▸ **Work instructions**
The required output is the exact run of lines from the one that contains "AA. VV. AA." to the end of the data, with every picture left out.

▸ **Dataset excerpt**
++++++++++
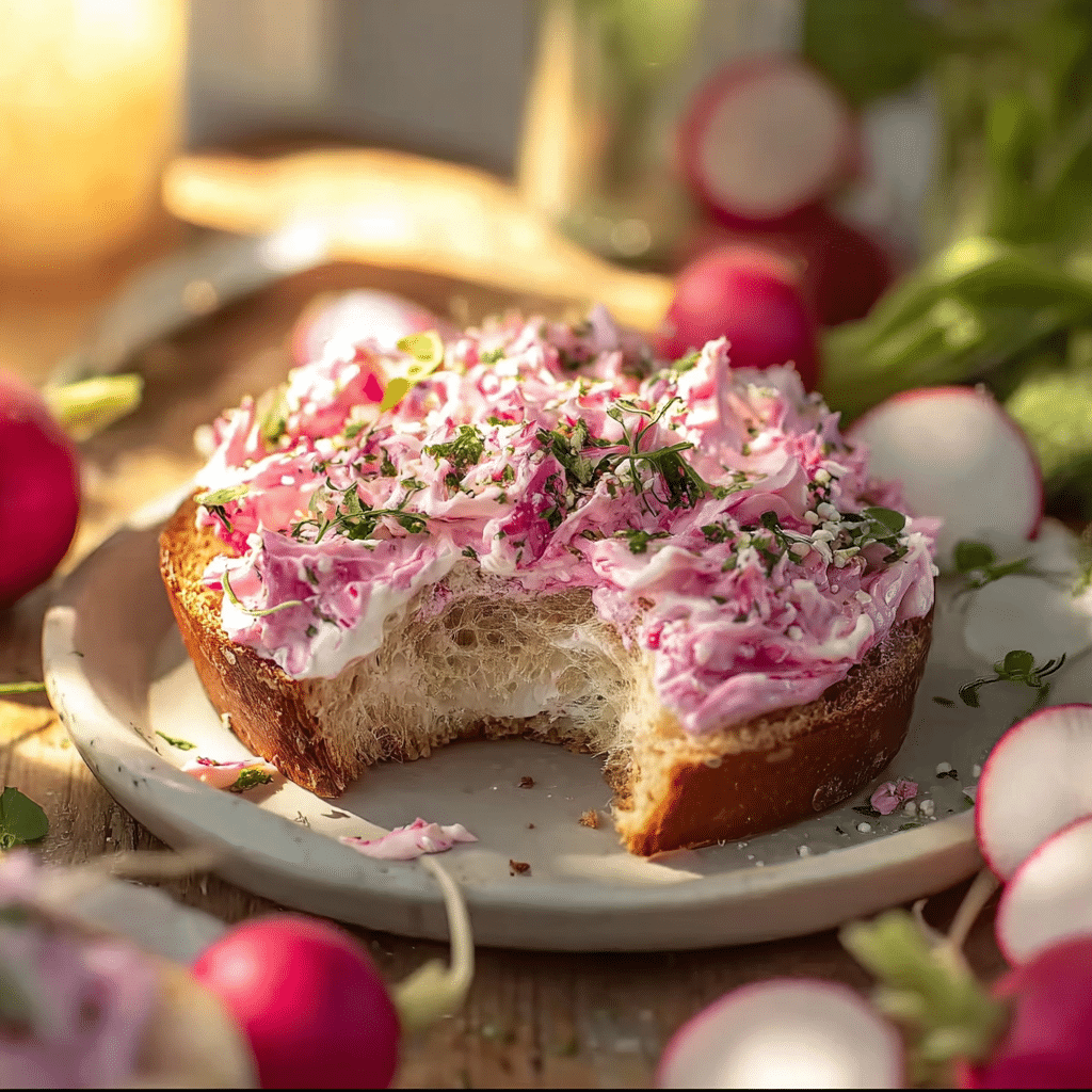 A creamy, slightly peppery spread where crisp fresh radishes meet silky butter, perfect for spreading on crusty bread or using as a bright, savory accent.
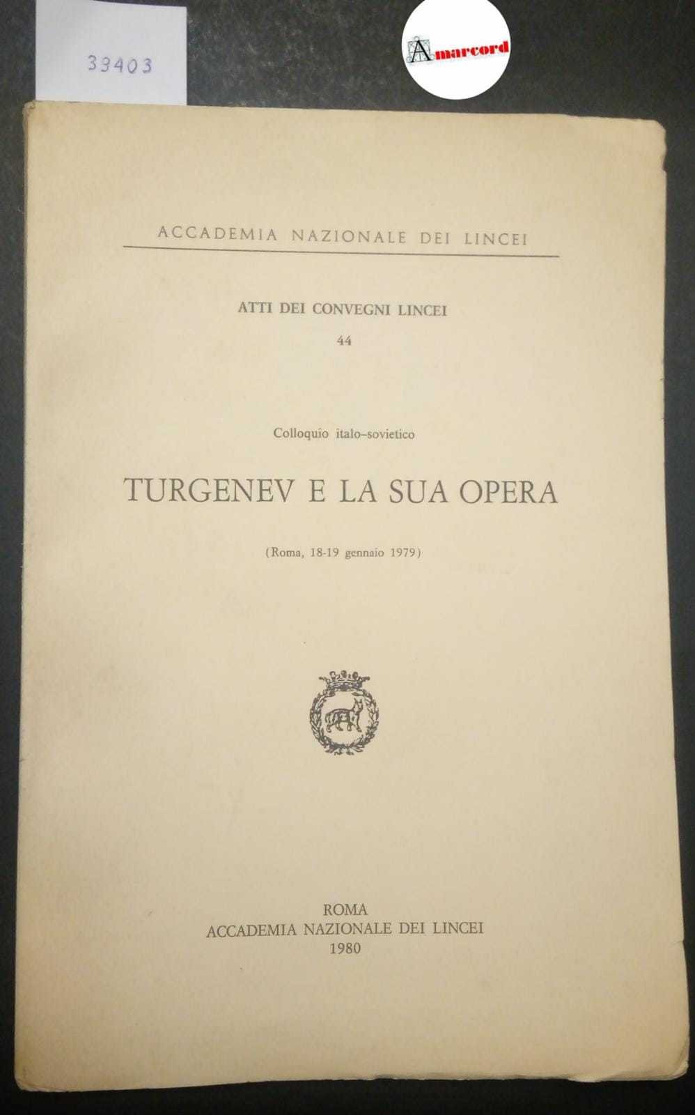 AA. VV. AA. VV., Turgenev e la sua opera, Accademia Nazionale dei Lincei, 1980. Roma, Accademia Nazionale dei Lincei 1980 italiano, in ottavo 150 39403
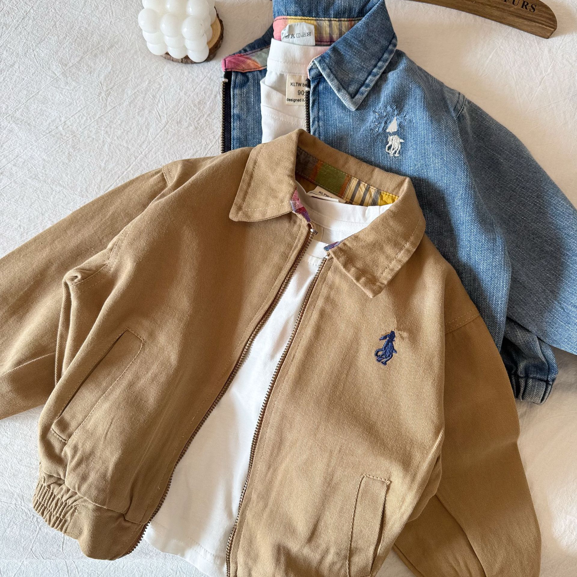 宝宝翻领牛仔外套2025春秋新款男女童复古做旧水洗拉链夹克外套潮
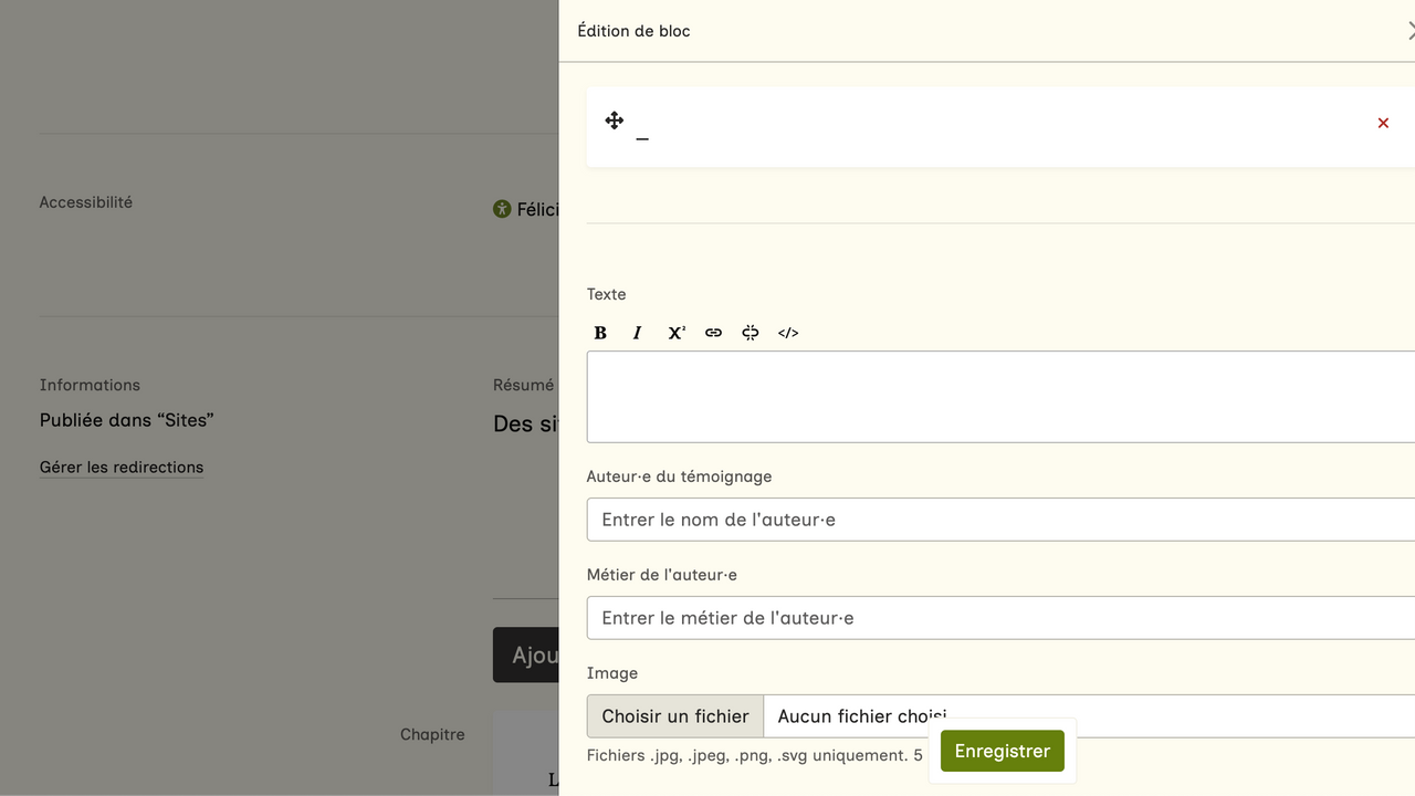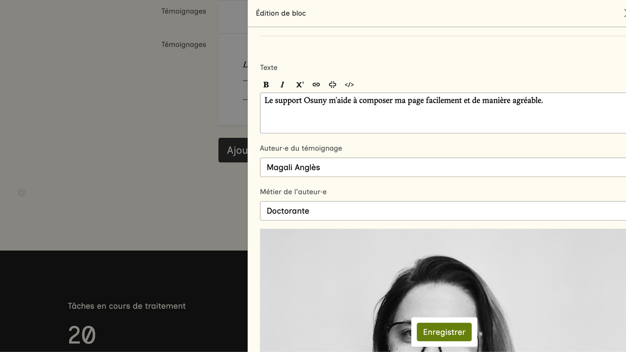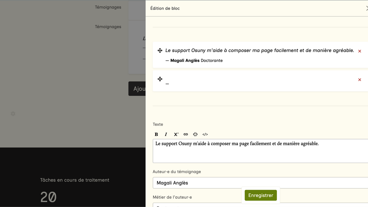 En cliquant sur "Ajouter un témoignage", vous pouvez rentrer le texte associé, l'auteur.e, son métier et une image associée.
++++++++++
▸ **Your solution**
 AA. VV. AA. VV., Turgenev e la sua opera, Accademia Nazionale dei Lincei, 1980. Roma, Accademia Nazionale dei Lincei 1980 italiano, in ottavo 150 39403
 宝宝翻领牛仔外套2025春秋新款男女童复古做旧水洗拉链夹克外套潮
 En cliquant sur "Ajouter un témoignage", vous pouvez rentrer le texte associé, l'auteur.e, son métier et une image associée.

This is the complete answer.